WHAT TO WORK ON →
Your output should be everything below from the line containing "Опис: Двоє швейцарських" down to the line containing "就影像辅助系统而言,四款车都配备了 360 °", both ends included, copied exactly, with pictures left out.

TASK INPUTS →
BEGIN
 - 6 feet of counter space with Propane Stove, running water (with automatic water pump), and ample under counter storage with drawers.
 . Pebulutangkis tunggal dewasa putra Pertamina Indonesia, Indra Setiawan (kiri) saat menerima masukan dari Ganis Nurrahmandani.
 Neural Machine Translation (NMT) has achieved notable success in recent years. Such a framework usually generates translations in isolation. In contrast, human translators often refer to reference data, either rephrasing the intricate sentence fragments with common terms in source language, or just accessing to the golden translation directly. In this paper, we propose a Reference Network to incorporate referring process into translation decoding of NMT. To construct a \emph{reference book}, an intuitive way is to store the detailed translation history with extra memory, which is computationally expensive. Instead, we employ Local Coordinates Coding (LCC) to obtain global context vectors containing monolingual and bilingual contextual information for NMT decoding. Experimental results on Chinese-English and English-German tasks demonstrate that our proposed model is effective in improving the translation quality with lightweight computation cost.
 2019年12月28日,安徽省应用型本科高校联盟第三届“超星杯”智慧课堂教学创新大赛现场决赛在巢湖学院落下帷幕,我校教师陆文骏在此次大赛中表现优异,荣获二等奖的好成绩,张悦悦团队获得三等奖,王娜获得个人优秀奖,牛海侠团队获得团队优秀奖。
END
BEGIN
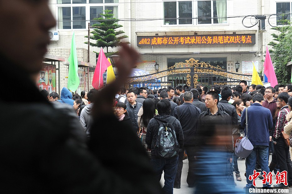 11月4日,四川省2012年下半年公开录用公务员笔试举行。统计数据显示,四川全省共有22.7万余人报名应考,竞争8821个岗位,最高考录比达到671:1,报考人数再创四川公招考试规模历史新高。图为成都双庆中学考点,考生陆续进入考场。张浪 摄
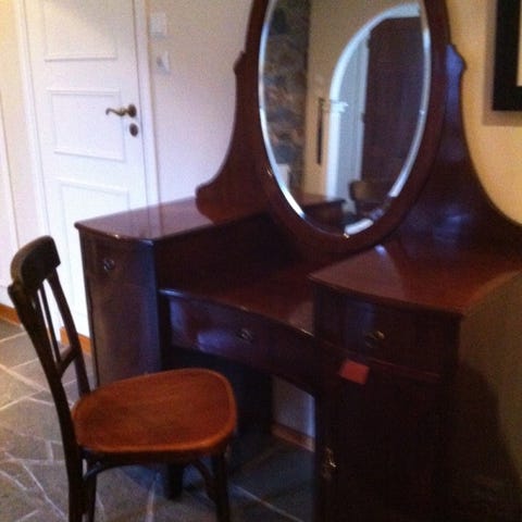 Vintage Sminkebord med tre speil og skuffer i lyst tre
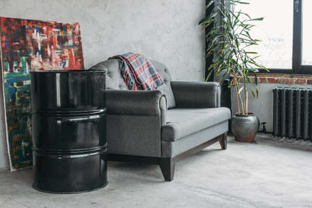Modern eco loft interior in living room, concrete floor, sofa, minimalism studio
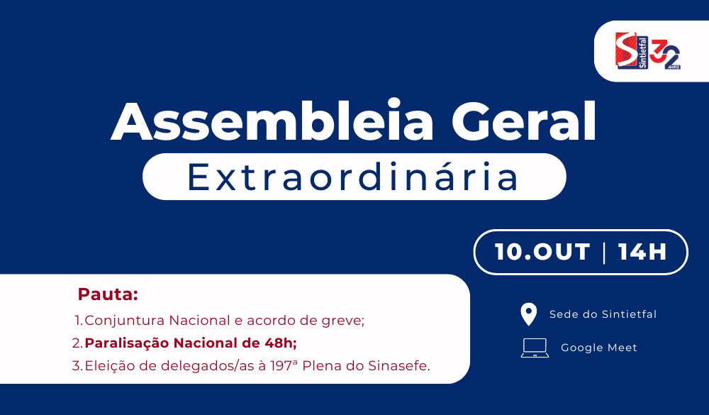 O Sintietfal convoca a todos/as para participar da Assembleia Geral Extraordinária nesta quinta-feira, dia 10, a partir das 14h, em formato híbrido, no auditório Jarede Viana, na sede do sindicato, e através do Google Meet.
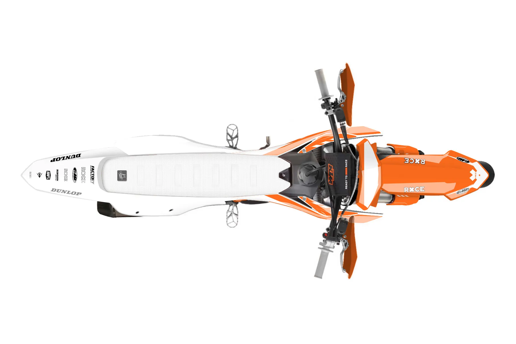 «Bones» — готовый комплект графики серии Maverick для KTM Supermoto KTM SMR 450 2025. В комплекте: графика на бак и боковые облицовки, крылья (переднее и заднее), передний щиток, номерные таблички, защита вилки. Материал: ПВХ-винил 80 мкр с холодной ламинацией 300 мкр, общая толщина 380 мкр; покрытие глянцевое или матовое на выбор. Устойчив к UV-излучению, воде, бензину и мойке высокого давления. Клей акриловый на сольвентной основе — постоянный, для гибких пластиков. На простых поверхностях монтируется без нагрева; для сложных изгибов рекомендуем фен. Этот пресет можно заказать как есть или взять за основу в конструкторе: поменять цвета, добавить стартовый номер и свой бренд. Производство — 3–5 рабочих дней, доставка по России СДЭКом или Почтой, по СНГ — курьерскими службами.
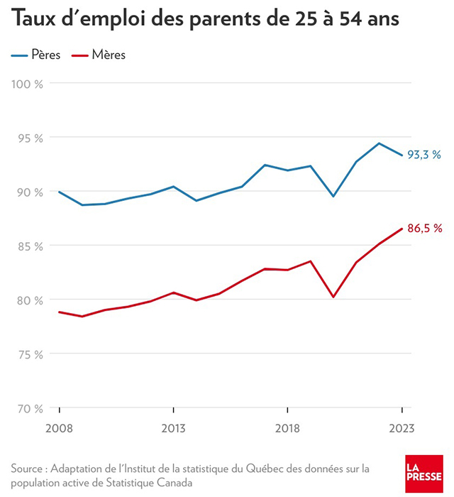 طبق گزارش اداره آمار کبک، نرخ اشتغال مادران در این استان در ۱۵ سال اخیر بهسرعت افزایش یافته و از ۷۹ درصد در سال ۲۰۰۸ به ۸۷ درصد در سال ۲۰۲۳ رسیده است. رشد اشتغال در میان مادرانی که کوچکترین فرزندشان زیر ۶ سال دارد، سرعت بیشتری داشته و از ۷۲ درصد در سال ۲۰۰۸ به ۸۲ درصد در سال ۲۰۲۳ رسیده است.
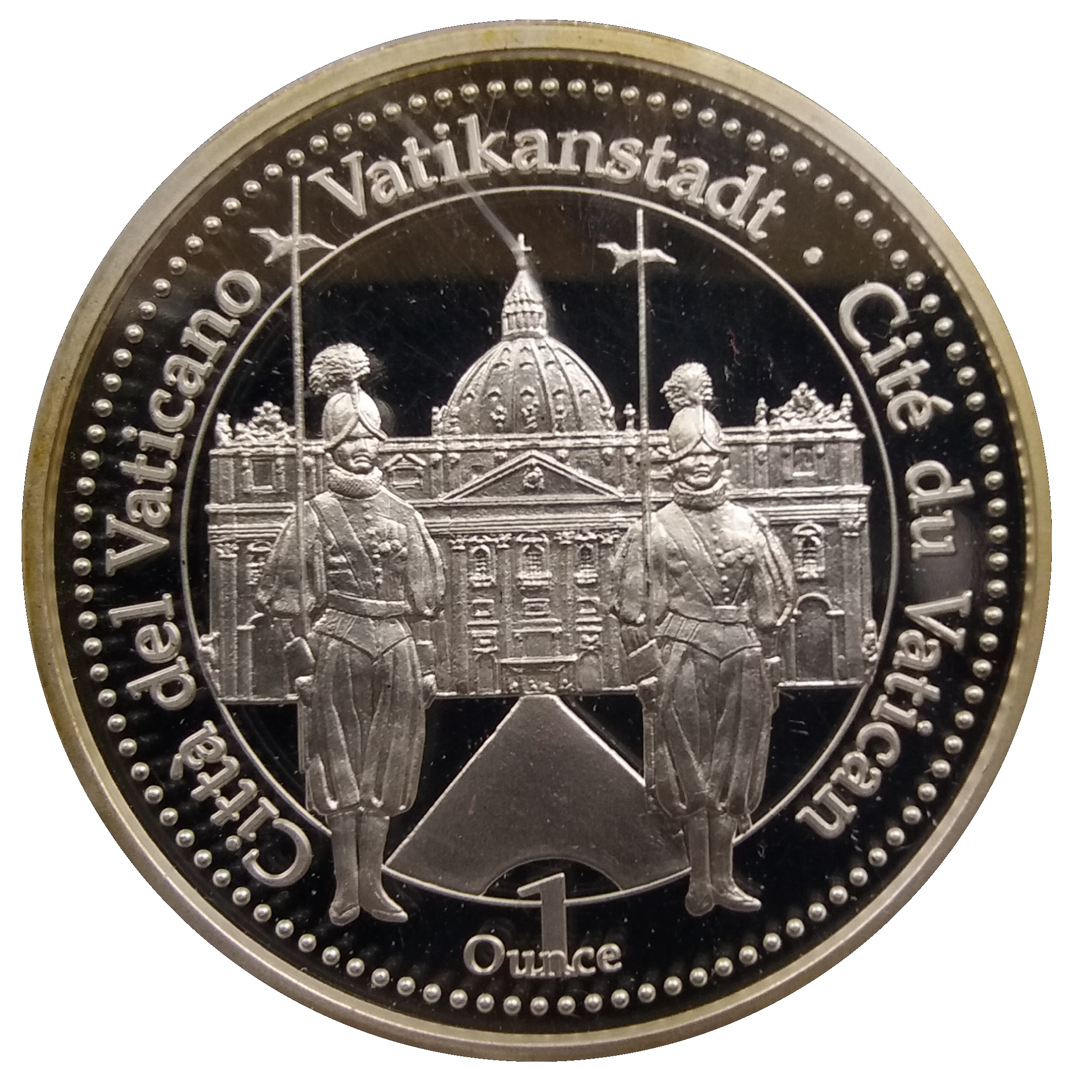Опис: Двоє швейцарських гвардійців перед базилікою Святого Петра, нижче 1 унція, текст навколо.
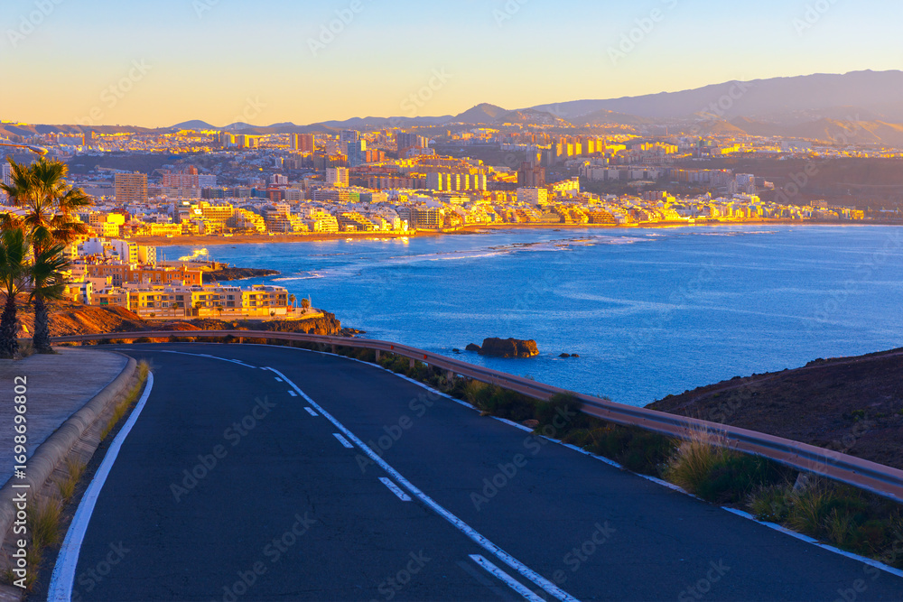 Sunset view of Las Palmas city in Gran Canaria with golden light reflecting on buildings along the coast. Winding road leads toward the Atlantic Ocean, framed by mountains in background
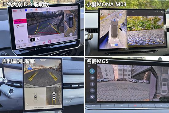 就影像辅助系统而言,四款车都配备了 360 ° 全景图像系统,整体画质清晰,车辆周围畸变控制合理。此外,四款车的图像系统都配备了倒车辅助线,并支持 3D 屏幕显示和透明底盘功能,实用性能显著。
END
RESULT FOR THIS TASK →
Опис: Двоє швейцарських гвардійців перед базилікою Святого Петра, нижче 1 унція, текст навколо.
 Sunset view of Las Palmas city in Gran Canaria with golden light reflecting on buildings along the coast. Winding road leads toward the Atlantic Ocean, framed by mountains in background
 就影像辅助系统而言,四款车都配备了 360 ° 全景图像系统,整体画质清晰,车辆周围畸变控制合理。此外,四款车的图像系统都配备了倒车辅助线,并支持 3D 屏幕显示和透明底盘功能,实用性能显著。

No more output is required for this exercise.